The 'VProc' package is a thin 'veneer' to enable the development of a 'host' virtual processor system and provide a basic co-simulation environment. It isn't necessarily meant to be an end in itself, but hides the co-simulation communication complexities for easily and quickly constructing a virtual processor environment, with the bus functional capabilities desired. Enough has been done to set up a link between one or more virtual processors and user written programs, compiled into the simulation executable. A very basic API is provided to the user code to allow control of the HDL environment. What's not provided in VProc is the actual bus functional models (BFMs) for specific protocols and their corresponding API software layers. This is left for the developer. But this also means that any arbitrary protocols can be supported, including proprietry ones. Enough functionality is provided at the C/HDL boundary to support (it is believed) any arbitrary protocol that one may conceive.


Where the boundary is chosen between functionality in C and BFM support in HDL is not restricted by this model. At one extreme, the pins of an HDL component can be mapped directly in to the VProc address space and the user C code controls the pins directly each cycle. At the other extreme, a complex HDL model for a given bus has, say, control registers mapped into the VProc, which simply reads and writes them to affect complex bus behaviour. The choice is left to the implementer, and maybe affected by what's already available in terms of source code and HDL models, as much as by the preference of the designer, or speed requirements of the model. For example, a PCIe model might simply have its 10 bit wide, pre-serialised, lanes directly addressable by the virtual processor. Only serialisation is left to do in HDL (if required)—all the rest of the PCIe protocol could be handled by the user program associated with the VProc. On the other hand, a Virtual AMBA Bus Processor used in a test harness might utilse an already existing HDL interface block to connect to a transactional bus model which was then controlled by mapping much simpler input signals into VProc.




The above diagram shows what a typical virtual processor system set of layers might be.

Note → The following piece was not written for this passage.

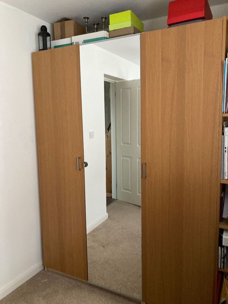 One double wardrobe with shelf below hanging space Currently one mirror door and one in oak veneer. One single wardrobe with oak veneer door Can be swapped with one from double wardrobe. Single wardrobe has shelf above and below hanging space. Do

The bottom layers are provided with this system. On top of that a BFM in the HDL domain and an equivalent Bus API in the C domain are constructed to initiate bus transactions for the given targetted protocol. This system can then be used to run a user program which communicates with the target simulation.


Currently with this system up to 64 virtual processors may be instantiated in a single simulation. The link between the user programs and the simulator is implemented as messages passed via semaphore protected shared memory. The interface between the HDL domain and the C environment is via the standard verilog PLI interface or the VHDL foreign langauge interface (FLI), supporting it in both languages. It could just as easily have been via VCS's DirectC, or some other method provided by the simulator (e.g. direct instantiation in SystemVerilog).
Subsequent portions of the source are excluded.